Provided entries -
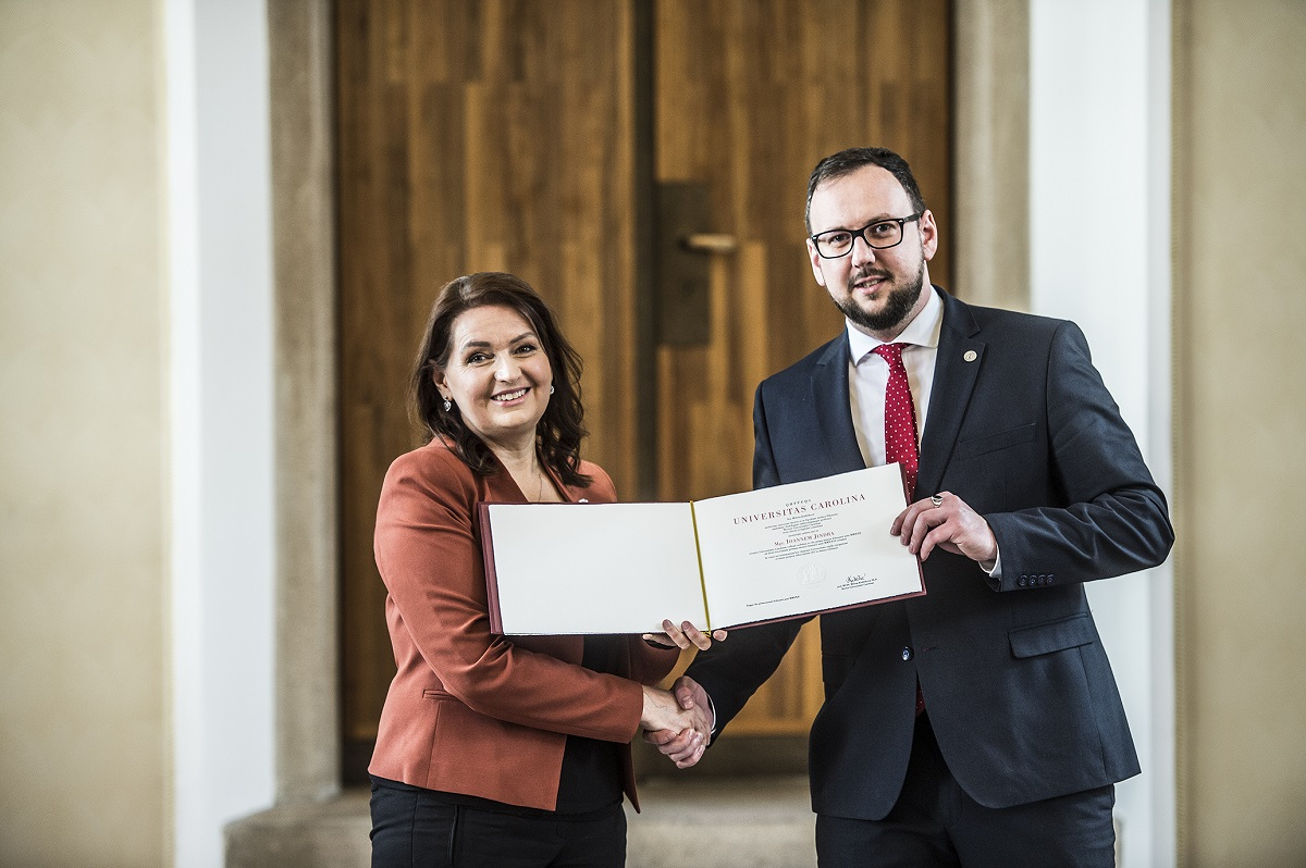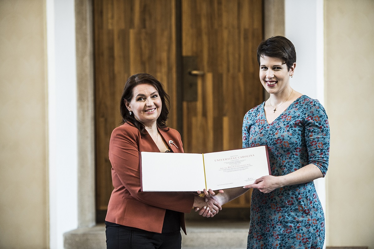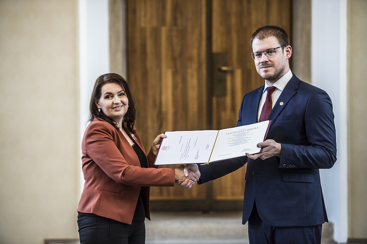 Objektiv fotoaparátu zaznamenal i okamžiky, kdy rektorka Milena Králíčková předávala svým kolegům – novým členům kolegia – jejich jmenovací dekrety, jak je vidět ve fotogalerii níže:
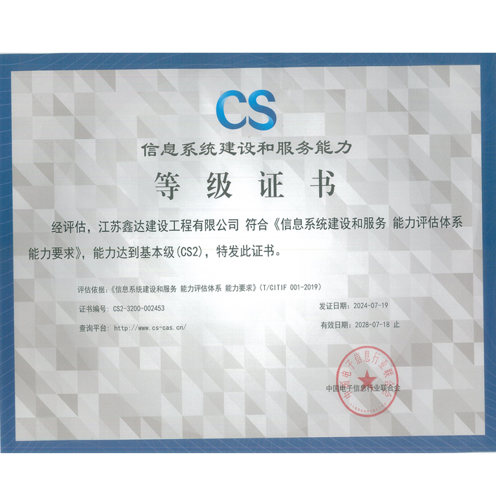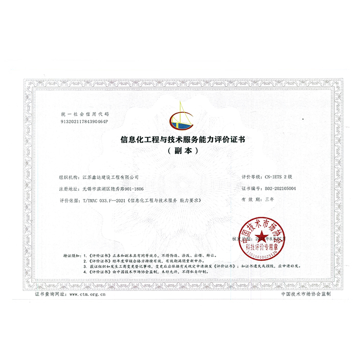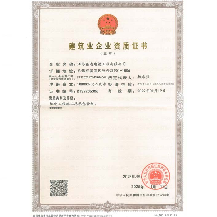 • 机电工程施工总承包壹级 • 电子与智能化工程专业承包壹级 • 建筑机电安装工程专业承包壹级 • 消防设施工程专业承包贰级 • 防水防腐保温工程专业承包贰级 • 建筑装修装饰工程专业承包贰级 |
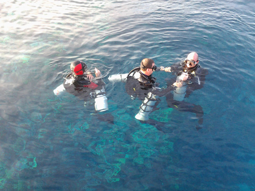 A volte eccitanti soprese ci scatenano, come i gruppi di delfini che ci nuotano accanto giocosi e velocissimi, le tartarughe che risalgono per respirare e restano, curiose, in superficie a guardarci per alcuni minuti, le nuvole di meduse rosa (non sono pericolose!) che ci circondano ed in mezzo alle quali ti puoi tuffare, ed i pesci napoleone che nuotano lentamente nella nostra ombra in attesa che qualcosa di appetitoso cada in acqua “inavvertitamente”, per colpa di una deprecabile abitudine di turisti incoscienti dei danni che provocano.
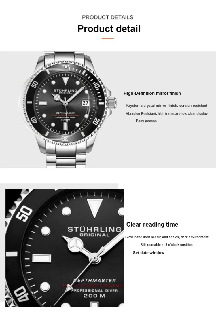 STUHRLING Schurter Diver Watch Мужские Western Наручные часы Автоматический Механический Механизм
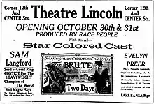 The Brute is a 1920 silent race film directed, written, produced and distributed by Oscar Micheaux. No print of the film is known to exist and the production is believed to be a lost film.[2] The original version of the film included a scene where the boxer defeats a white rival, but Micheaux was forced to remove the scene by censors.[3]
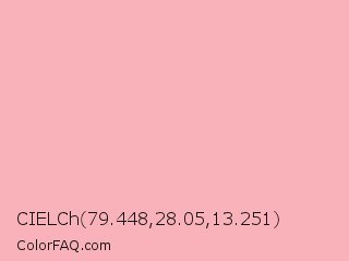 CIELCh 79.448,28.05,13.251 Color is a very light red color and the nearest color is Sundown #ffb1b3. Hex code #fab2ba and RGB value is rgb(250,178,186). In RGB color space, this color is composed of 98% red, 70% green, 73% blue, In CMYK color space, this color is composed of 0% cyan, 29% magenta, 26% yellow , 2% black , In HSL color space, this color has a hue angle of 353° , 88% saturation and 84% lightness.
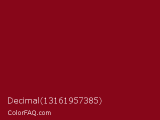 Decimal 13161957385 Color is a dark red color and the nearest color is Pohutukawa #8f021c. Hex code #870619 and RGB value is rgb(135,6,25). In RGB color space, this color is composed of 53% red, 2% green, 10% blue, In CMYK color space, this color is composed of 0% cyan, 96% magenta, 81% yellow , 47% black , In HSL color space, this color has a hue angle of 351° , 91% saturation and 28% lightness.
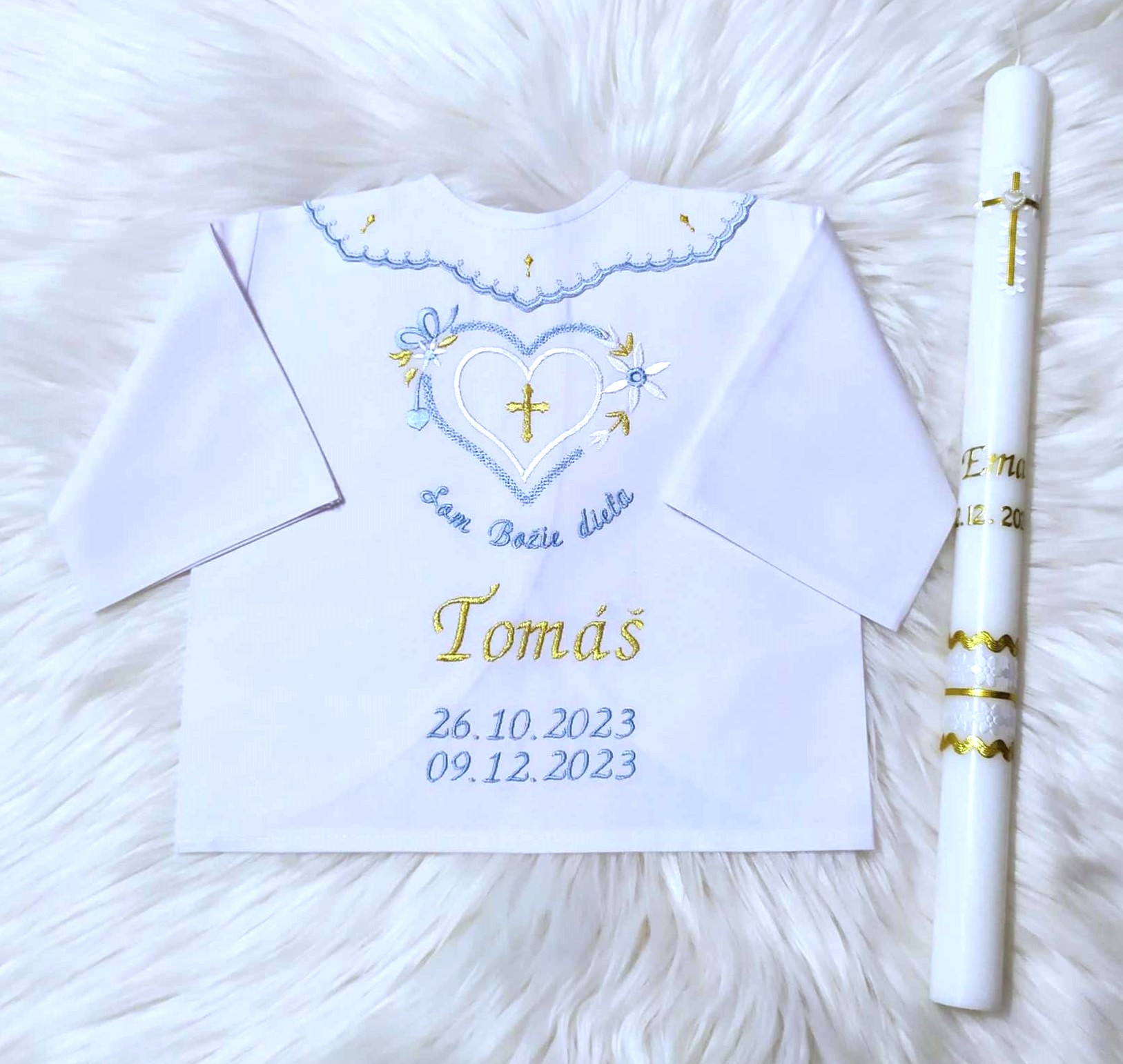 Krstná košieľka na mieru + sviečka - modré srdce
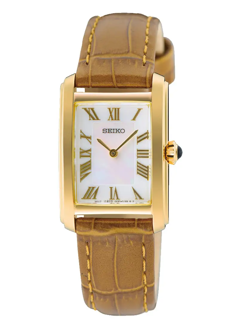 Dámské hodinky Seiko Classic SWR100P1 jsou volbou pro ženy, které si cení klasické elegance v šperkovém podání. Obdélníkové pouzdro ve žlutém zlatě spojuje tradiční designové linie s jemným leskem a vytváří mimořádně stylový doplněk pro každodenní i formální outfity. Štíhlý profil hodinek zdůrazňuje jejich lehkost a detaily typické pro kolekci Classic jim dodávají nadčasový půvab.
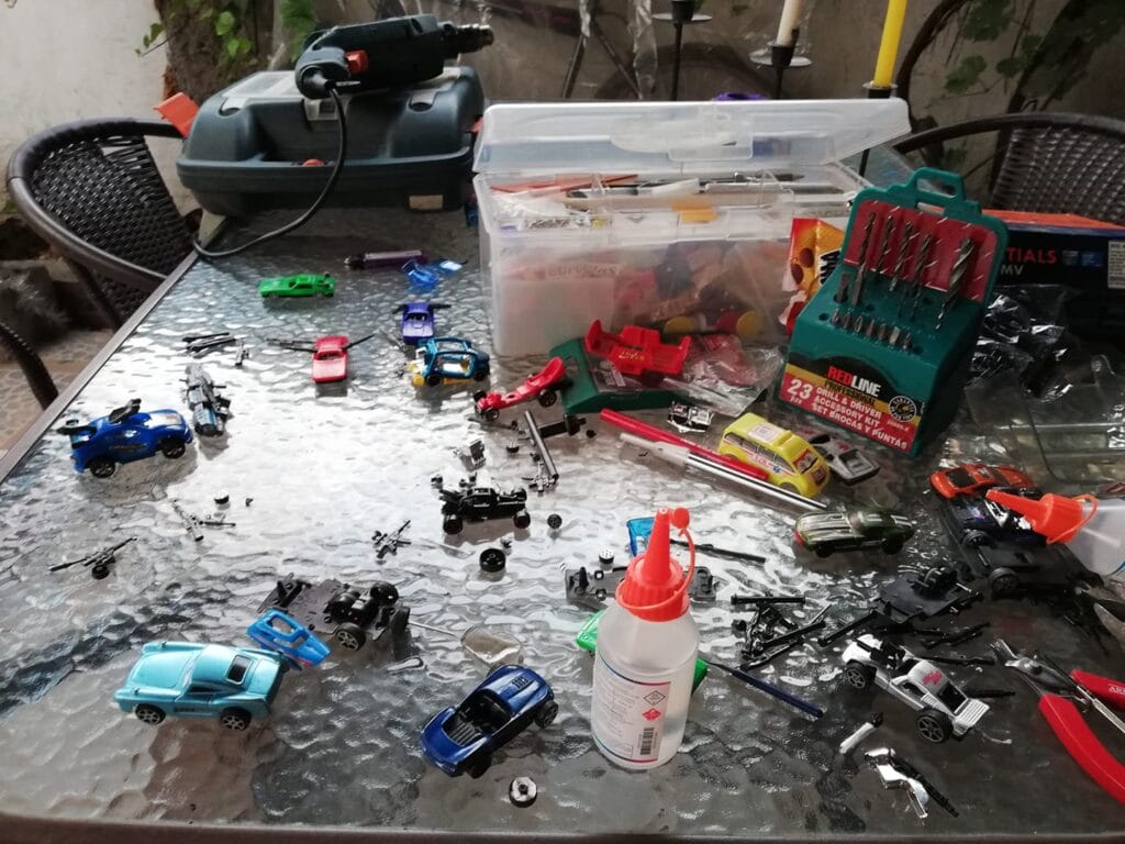 El día de tunning. Con los pedazos de autos, herramientas y la ayuda de mi hijo, que también quiso fabricar los propios.
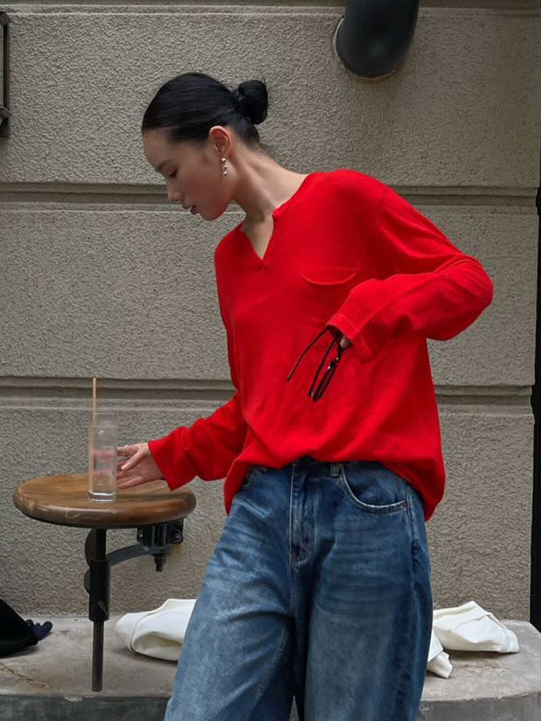 ・カラー: 鮮やかな赤色はコーディネートのアクセントになり、どんなボトムスとも相性抜群。日常のスタイリングに新鮮さを加えます。
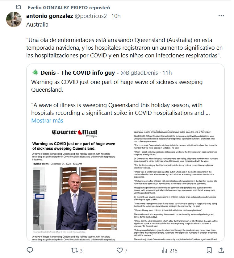 «FIN DE PANDEMIA» Australia «Una ola de enfermedades está arrasando Queensland (Australia) en esta temporada navideña, y los hospitales registraron un aumento significativo en las hospitalizaciones por COVID y en los niños con infecciones respiratorias»
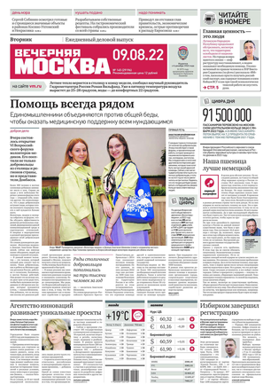 «Вечерняя Москва» — ежедневная российская вечерняя газета, старейшее из вечерних изданий в России, учрежденное в 1923 году. Выходит пять дней в неделю, кроме субботы и воскресенья. Отличается тем, что рассказывает о событиях еще не завершившегося дня. Оперативно освещает хронику и особенности жизни Москвы, охватывает все слои общества и большинство профессиональных и возрастных групп читателей.Издание представлено тремя выпусками – утренним ежедневным, вечерним (выходит три раза в неделю), еженедельным (выходит по четвергам).
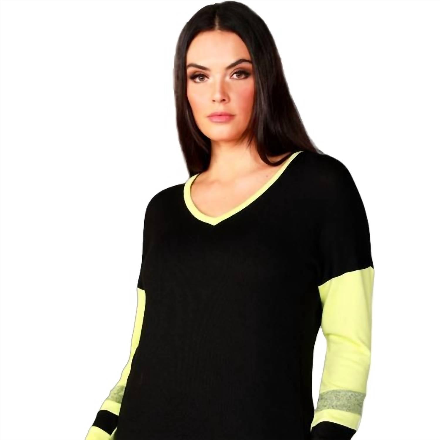 French Kyss - Blusa Color Block com Decote em V e Listra
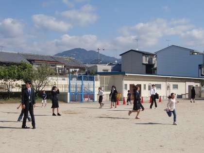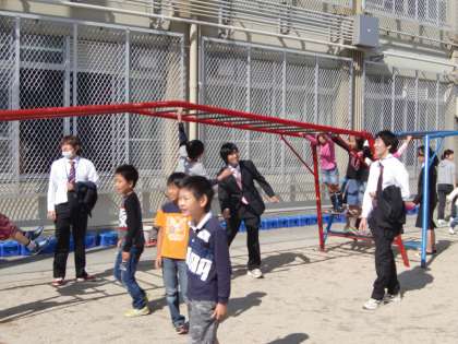 子どもたちと鬼ごっこをしている学生さんがいました。子どもたちの笑顔が普段以上にキラキラして見えます。汗かくことを全くいとわない学生さんたちの姿勢,はじける子どもたちの笑顔,柔らかな秋の日差し,最高の時間です。
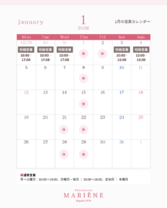 いつもマリエーヌ洋菓子店をご利用いただきありがとうございます。12/29~12/31、1/3,4は短縮営業となります。1/1,2は休業とさせていただきます。
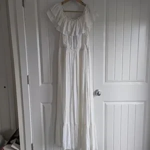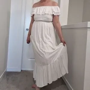 White Off-Shoulder Ruffle Maxi Dress | Elastic Waist & Tiered Hem
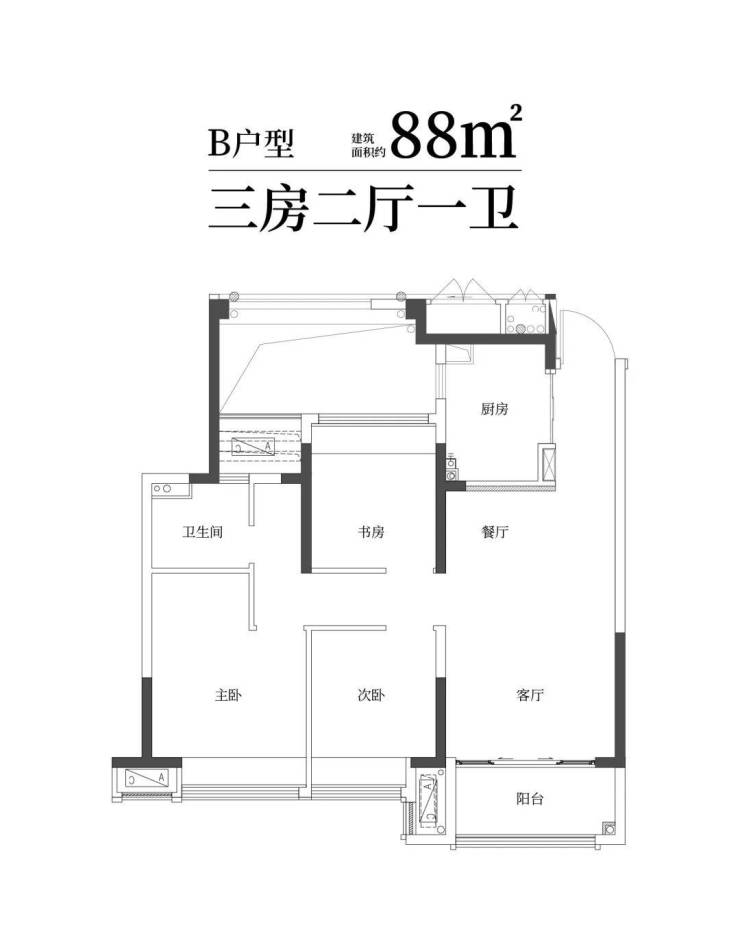 建筑面积约88㎡精雅三房一卫,三口之家理想;

Your assignment - Keep the pictures out of the copy and write out the data exactly as it stands.

Task result -
 Objektiv fotoaparátu zaznamenal i okamžiky, kdy rektorka Milena Králíčková předávala svým kolegům – novým členům kolegia – jejich jmenovací dekrety, jak je vidět ve fotogalerii níže:
 • 机电工程施工总承包壹级 • 电子与智能化工程专业承包壹级 • 建筑机电安装工程专业承包壹级 • 消防设施工程专业承包贰级 • 防水防腐保温工程专业承包贰级 • 建筑装修装饰工程专业承包贰级 |
 A volte eccitanti soprese ci scatenano, come i gruppi di delfini che ci nuotano accanto giocosi e velocissimi, le tartarughe che risalgono per respirare e restano, curiose, in superficie a guardarci per alcuni minuti, le nuvole di meduse rosa (non sono pericolose!) che ci circondano ed in mezzo alle quali ti puoi tuffare, ed i pesci napoleone che nuotano lentamente nella nostra ombra in attesa che qualcosa di appetitoso cada in acqua “inavvertitamente”, per colpa di una deprecabile abitudine di turisti incoscienti dei danni che provocano.
 STUHRLING Schurter Diver Watch Мужские Western Наручные часы Автоматический Механический Механизм
 The Brute is a 1920 silent race film directed, written, produced and distributed by Oscar Micheaux. No print of the film is known to exist and the production is believed to be a lost film.[2] The original version of the film included a scene where the boxer defeats a white rival, but Micheaux was forced to remove the scene by censors.[3]
 CIELCh 79.448,28.05,13.251 Color is a very light red color and the nearest color is Sundown #ffb1b3. Hex code #fab2ba and RGB value is rgb(250,178,186). In RGB color space, this color is composed of 98% red, 70% green, 73% blue, In CMYK color space, this color is composed of 0% cyan, 29% magenta, 26% yellow , 2% black , In HSL color space, this color has a hue angle of 353° , 88% saturation and 84% lightness.
 Decimal 13161957385 Color is a dark red color and the nearest color is Pohutukawa #8f021c. Hex code #870619 and RGB value is rgb(135,6,25). In RGB color space, this color is composed of 53% red, 2% green, 10% blue, In CMYK color space, this color is composed of 0% cyan, 96% magenta, 81% yellow , 47% black , In HSL color space, this color has a hue angle of 351° , 91% saturation and 28% lightness.
 Krstná košieľka na mieru + sviečka - modré srdce
 Dámské hodinky Seiko Classic SWR100P1 jsou volbou pro ženy, které si cení klasické elegance v šperkovém podání. Obdélníkové pouzdro ve žlutém zlatě spojuje tradiční designové linie s jemným leskem a vytváří mimořádně stylový doplněk pro každodenní i formální outfity. Štíhlý profil hodinek zdůrazňuje jejich lehkost a detaily typické pro kolekci Classic jim dodávají nadčasový půvab.
 El día de tunning. Con los pedazos de autos, herramientas y la ayuda de mi hijo, que también quiso fabricar los propios.
 ・カラー: 鮮やかな赤色はコーディネートのアクセントになり、どんなボトムスとも相性抜群。日常のスタイリングに新鮮さを加えます。
 «FIN DE PANDEMIA» Australia «Una ola de enfermedades está arrasando Queensland (Australia) en esta temporada navideña, y los hospitales registraron un aumento significativo en las hospitalizaciones por COVID y en los niños con infecciones respiratorias»
 «Вечерняя Москва» — ежедневная российская вечерняя газета, старейшее из вечерних изданий в России, учрежденное в 1923 году. Выходит пять дней в неделю, кроме субботы и воскресенья. Отличается тем, что рассказывает о событиях еще не завершившегося дня. Оперативно освещает хронику и особенности жизни Москвы, охватывает все слои общества и большинство профессиональных и возрастных групп читателей.Издание представлено тремя выпусками – утренним ежедневным, вечерним (выходит три раза в неделю), еженедельным (выходит по четвергам).
 French Kyss - Blusa Color Block com Decote em V e Listra
 子どもたちと鬼ごっこをしている学生さんがいました。子どもたちの笑顔が普段以上にキラキラして見えます。汗かくことを全くいとわない学生さんたちの姿勢,はじける子どもたちの笑顔,柔らかな秋の日差し,最高の時間です。
 いつもマリエーヌ洋菓子店をご利用いただきありがとうございます。12/29~12/31、1/3,4は短縮営業となります。1/1,2は休業とさせていただきます。
 White Off-Shoulder Ruffle Maxi Dress | Elastic Waist & Tiered Hem
 建筑面积约88㎡精雅三房一卫,三口之家理想;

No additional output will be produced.